Sunday, October 29, 2017

Bales All Gone


Remember how excited I was last spring when I set up the straw bale garden?  It was an unqualified success.  Three of the tomato plants went crazy, the bell peppers were their usual unsatisfying selves, the parsley plant went bananas, the lettuce bolted before we had a second salad, and the butternut squash sent stealth vines into the daisies.  I planted the herbs in the sides of two of the bales but they weren't getting any water so I transplanted and then replanted them, except for the parsley which did get watered and absolutely loved where it was planted.  (more on that in a minute)  Today was the day to demolish the garden, pull out the plants, etc. before it got too cold.  We had frost last night (bye-bye, coleus & basil) so I knew it was time.  What I hadn't noticed until a couple weeks ago was just how much the bales had essentially disappeared.  They're gone, I mean, gone gone.  A couple of the tomato plants had enormous root balls and their roots had spread for at least three feet.  In the past when I planted them in the ground the roots pretty much stuck right around the plant, didn't spread out much at all.

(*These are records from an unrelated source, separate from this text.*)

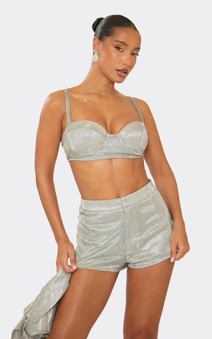 Strappy Underwired Bralet Top In Silver Glitter
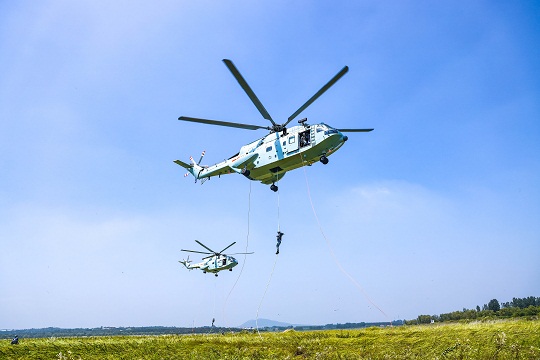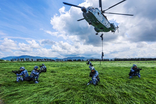 圖為到達(dá)任務(wù)地域,突擊組實施機滑降。
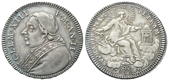 Dr. CLEM •XIII - P• M• AN •II. Busto a s., con camauro e piviale decorato da croce raggiante e arabeschi. Rv. SVPRA• FIR - MAM - PETRAM•. La Chiesa seduta verso s., tra le nubi; sotto, 17 (stemma De Vecchis) 60.
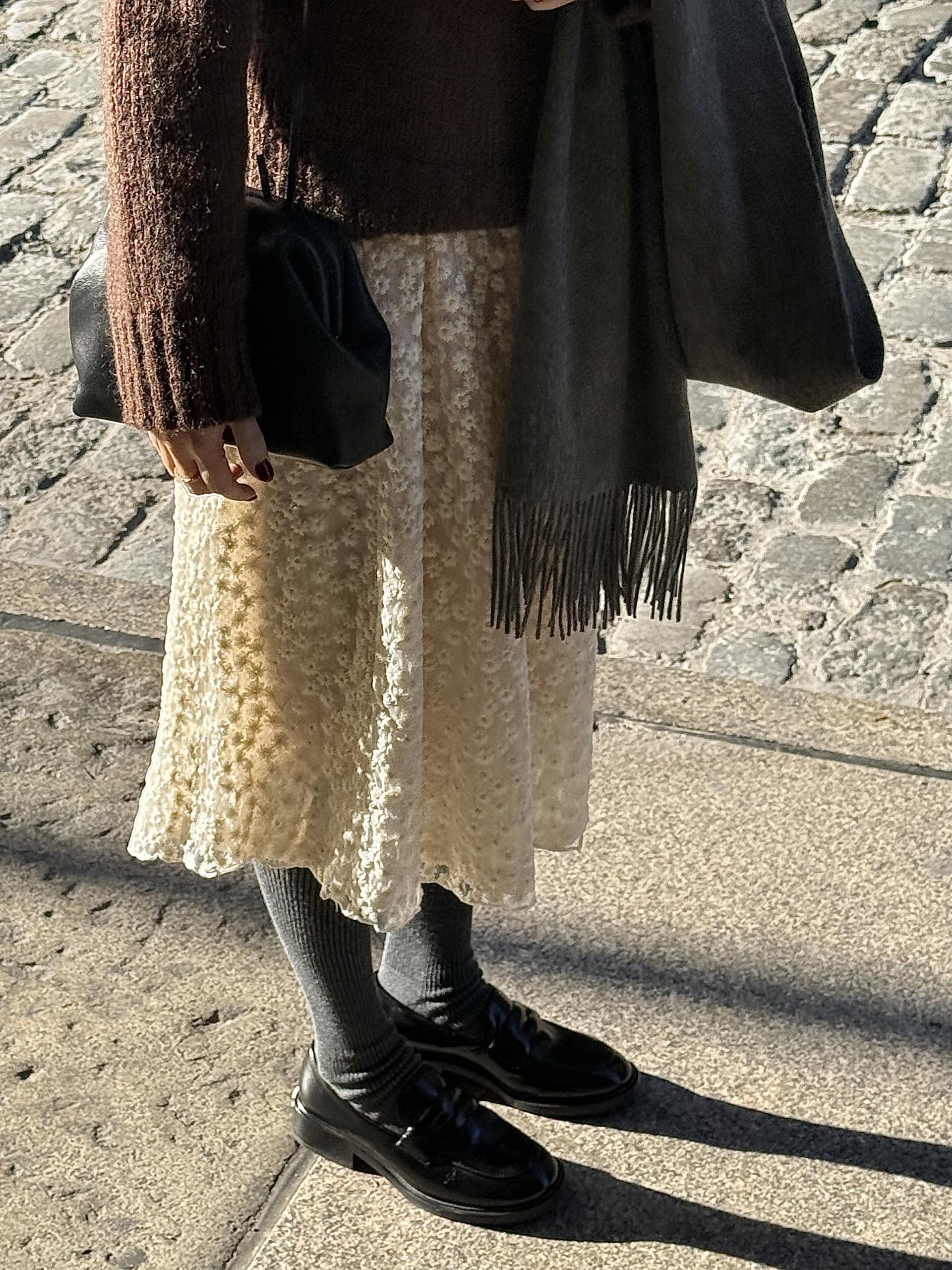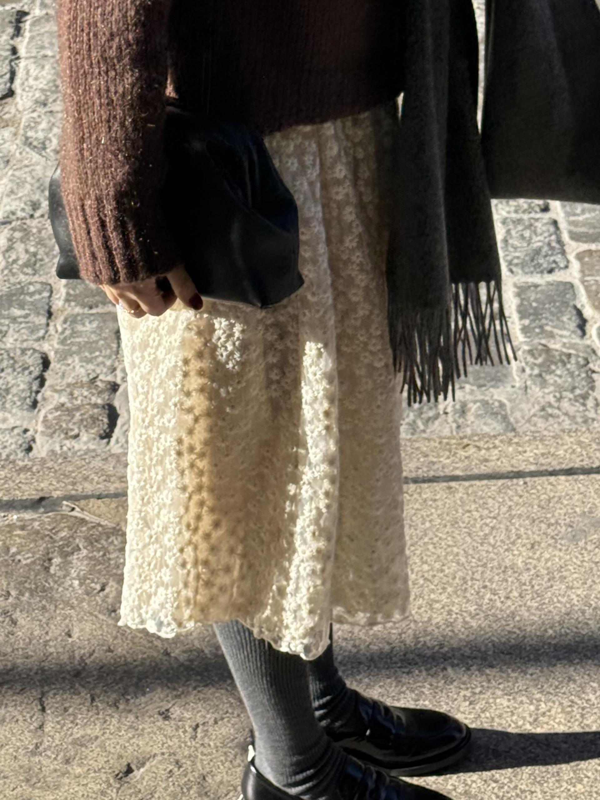 크롭까지는 아닌데 기장이 조금 짧게 나와서 스커트랑 드레스랑 레이어드해서
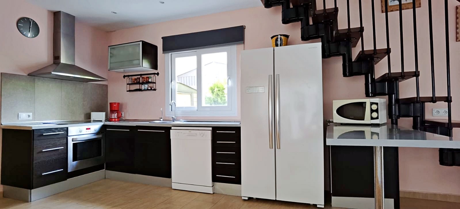 Ventanas de aluminio y doble cristal, suelo de baldosas, climatización reversible y aparcamiento exterior para un coche.
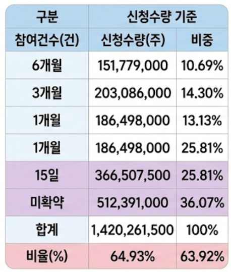3. 상장일 유통 물량 및 의무보유확약
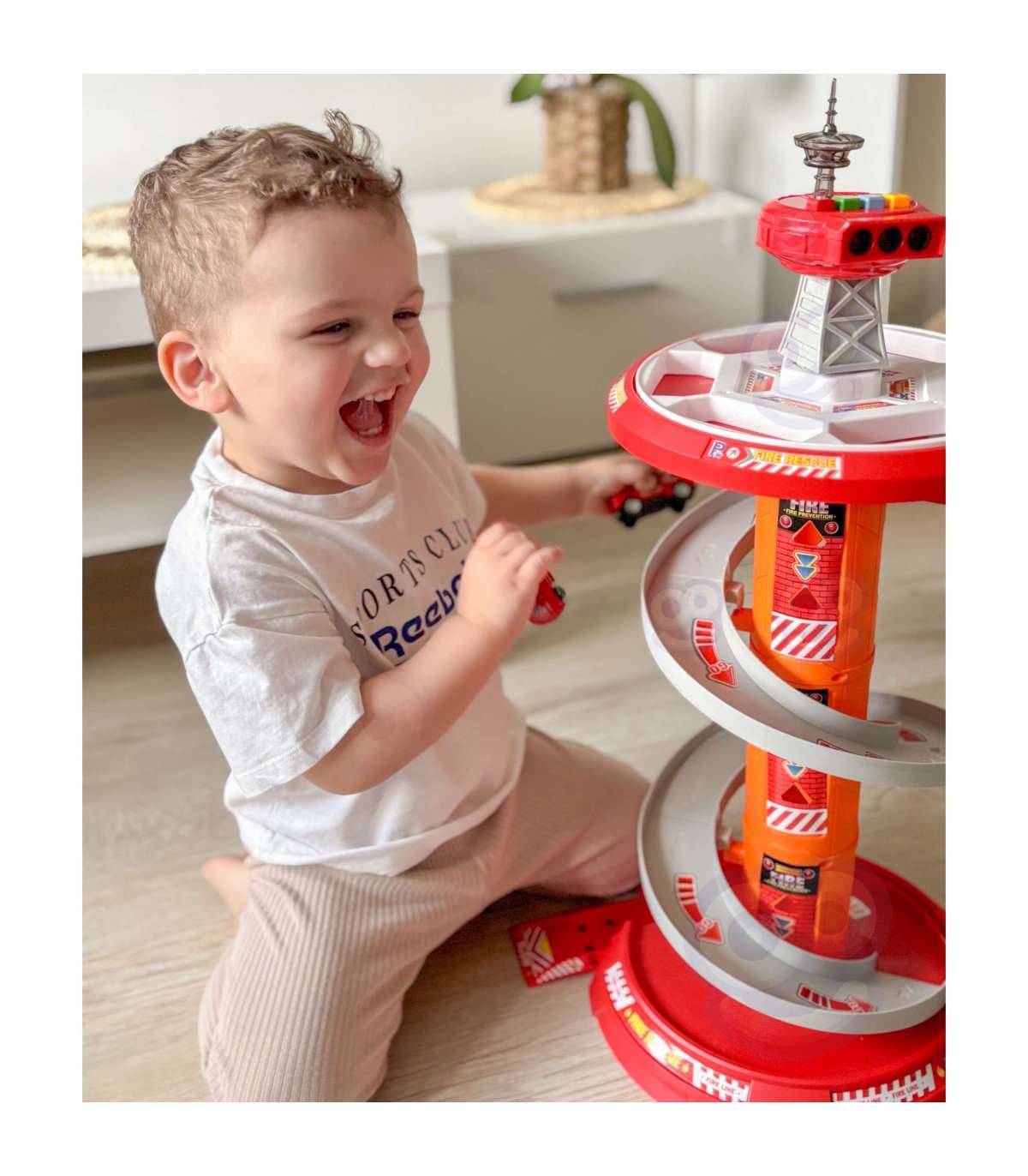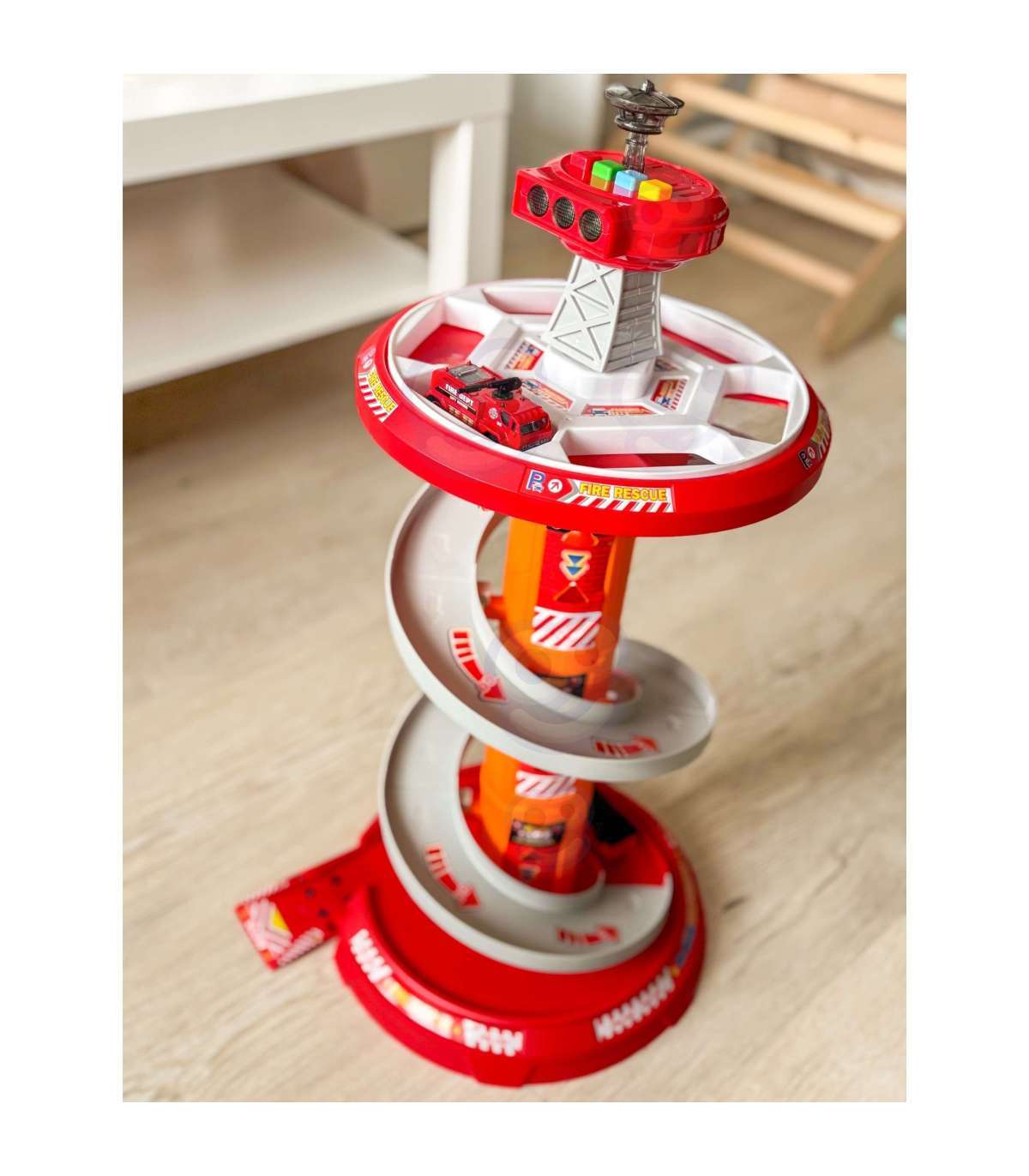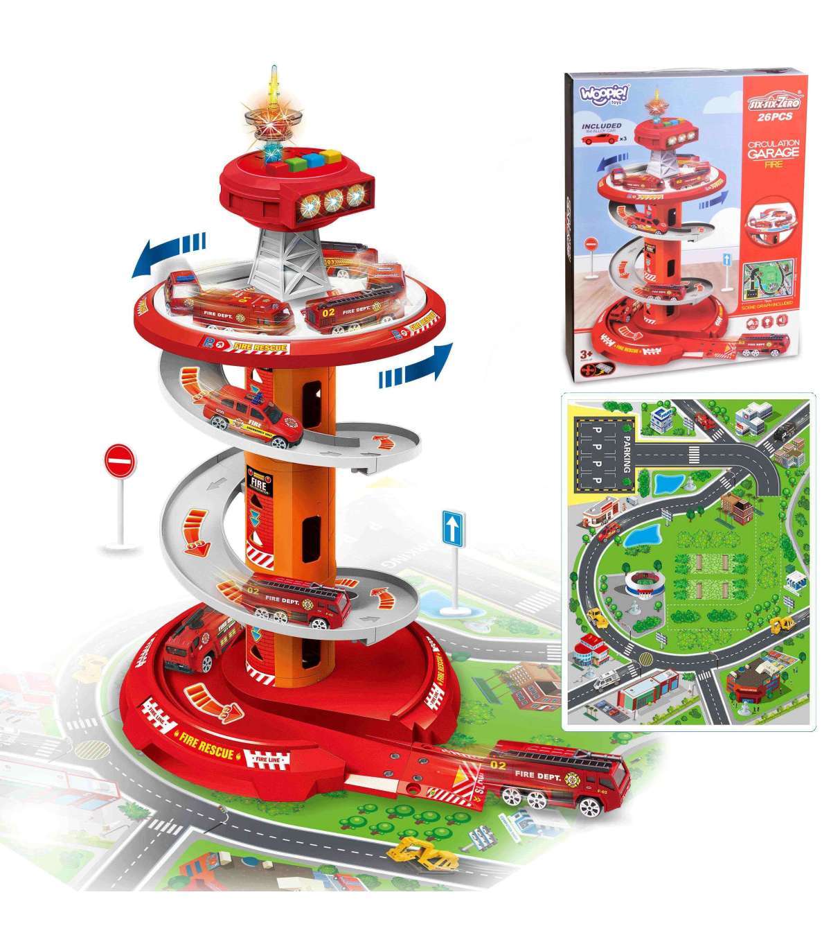 Suurepärane mitmetasandiline pöörlev parkla-garaaž päästeametile firmalt Woopie köidab kindlasti lapse huvi. See mänguasi ergutab iga vormiteenistuste fänni kujutlusvõimet: pärast parklast väljumist läheb see komplekti kuuluvale teele. Autode kiire laskumine erinevatelt tasanditelt on võimalik tänu erilisele looklevale laskumisteele. Lisaks sisaldab komplekt 3 erinevat tuletõrjeautot.
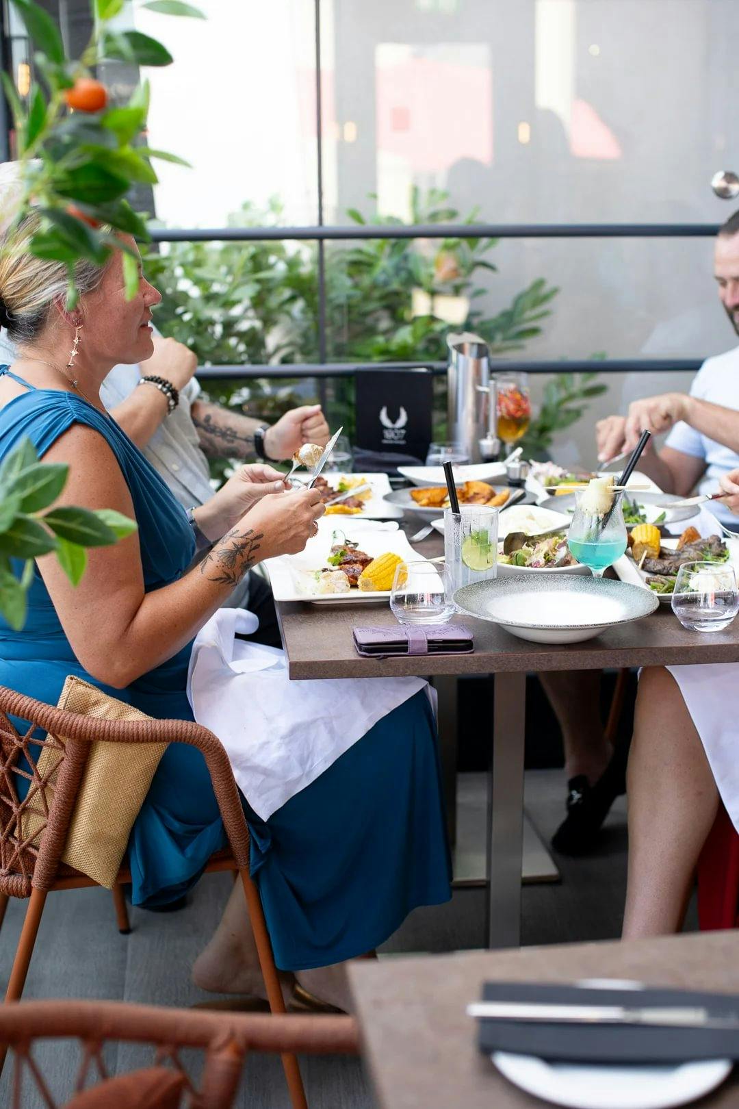 Outdoor dining at our restaurant near Mercedes-Benz World

I hadn't really paid much attention to the carrots.  They'd started to kind of slip down the side of the bale and I thought that the bunnies and chipmunks had been having a feast.  Well, not so.  Here are the carrots I harvested today.  This is about 1000% more carrots than I got the last time I tried to grow them.  We're having them for supper.



 

Now for that parsley.  I planted one plant in the end of the bale closest to the house.  As I said, it was in the optimum spot for water and sunshine and it really took advantage of its position.  Look at that thing, its huge.  That is one plant, I swear.  I've got four huge sheaves of parsley all rubber banded to hang from the rafters downstairs to dry.  (I use rubber bands to hold the stems together because they shrink as they dry and rubber bands shrink right along with the stems, unlike string which lets the parsley fall to the dirty, sawdust-y floor)  While I was cutting the parsley and banding it I started singing "Bringing in the Sheaves" in my head but soon it morphed into "Eating Goober Peas."  It seems to me that it's the same song with different lyrics.  Can that be right?  I'll have to google it.






Today dawned clear and cold.  No more patio yoga, that's for sure.  The birdbath was icy and the grass was frosty.  The sky was a gorgeous blue all day, though, and a couple hundred Canada Geese flew by in Vs, hoking away, as I pulled the plants out.








Last night I sat on the couch weaving in the few remaining tails on the Sudoku afghan and this morning while watching CBS Sunday morning I started crocheting the edging.  I decided that it didn't need a wide edge so I chose a hook a bit bigger than the one I joined everything with and got started.  I figure I'll put on three rounds.  I'm not quite halfway through the first one and hope to get one done before bedtime tonight.  This thing WILL be finished, and soon.


October 29--The Arcade Shopping Mall in Cleveland, Ohio c. 1900  Laurie was falling asleep sifting through the photo collection of the Ohio State University Library.  She was supposed to be sorting them into categories and decades. Instead she was imagining what the lives of the people in the photos were like.  She put herself into the the photos of places wondering how they would feel and sound on the day the photo was taken.  The admired the ornate ironwork of the railings and the lampposts that looked like upended chandeliers.

Well, the microwave just beeped telling me that the corn is done so I've got to go put the carrots in, then flip the pork steak I'm grilling along with some drumsticks for this week's suppers.  Toodle-oo.
--Barbara

1 comment:

Aunt B said...

So much news today! Can't believe you really had frost but that's a sure sign that it's time for the straw bale garden to be dismantled. But you really did have a bumper crop of carrots and parsley -- and lots of other good things too. A regular farm right in your own back yard. And coming to the end of the Sudoku afghan! When it's finally really and truly done, you should declare a national holiday!!